Figure 4 does not present experimental results but it is only a general scheme. Similarly, Figures 5 and 6 are repetitive and do not present actual experimental data. Experimental results for antibacterial and cytotoxicity tests should be shown in a clear format—preferably in tables or graphs—with precise descriptions, including measured values, representative images (where applicable), and statistical analyses.

Response:

We sincerely apologize for the significant formatting errors that occurred in the originally submitted manuscript due to network connectivity issues during the upload process. We have carefully reviewed and corrected the entire manuscript, with particular attention to Figures 4-7, for which we have supplemented additional supporting data to strengthen our findings.

 

Comment 9:

The discussion on water absorption results could be strengthened by relating them to the thermogravimetric analysis results. In particular, the mass loss observed around 100 °C in TGA thermogram, which was attributed to water loss, should be discussed regarding the determined water absorption values.

Response:

In response to the reviewer's valuable suggestion, we have significantly enhanced the Discussion section by incorporating a thorough analysis of the mechanistic correlation between TGA results and water absorption properties. This addition provides important insights into how material hydrophilicity/hydrophobicity influences functional performance. (lines 451-468)

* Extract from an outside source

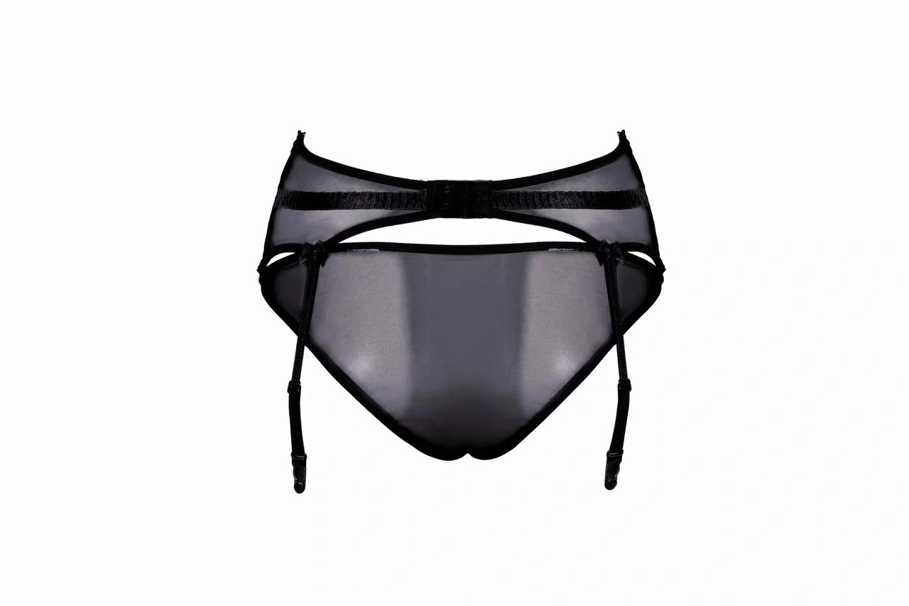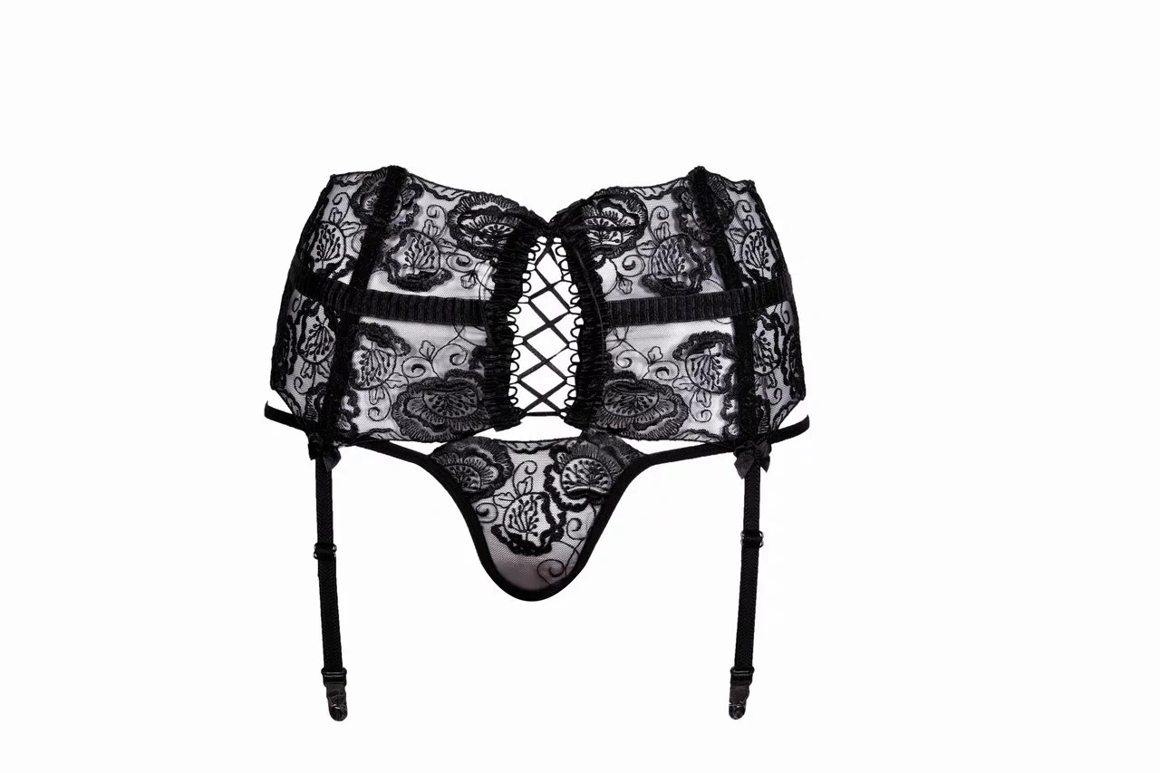 Nádherný podvazkový pás z kolekce Antinéa. Bohatě formované vyšívání spojené s leskem, hry transpar

Author Response File: Author Response.pdf

Round 2

Reviewer 1 Report

Comments and Suggestions for Authors

I would like to thank the authors for the time and effort they took to make the changes according to the comments. There are no additional comments and the text is proposed for publication as is. Congratulations for your work

Author Response

Thank you for the judges' recognition.

Reviewer 3 Report

Comments and Suggestions for Authors

Thank you for the revised version. I accept all improvements.

Author Response

Thank you for the judges' recognition.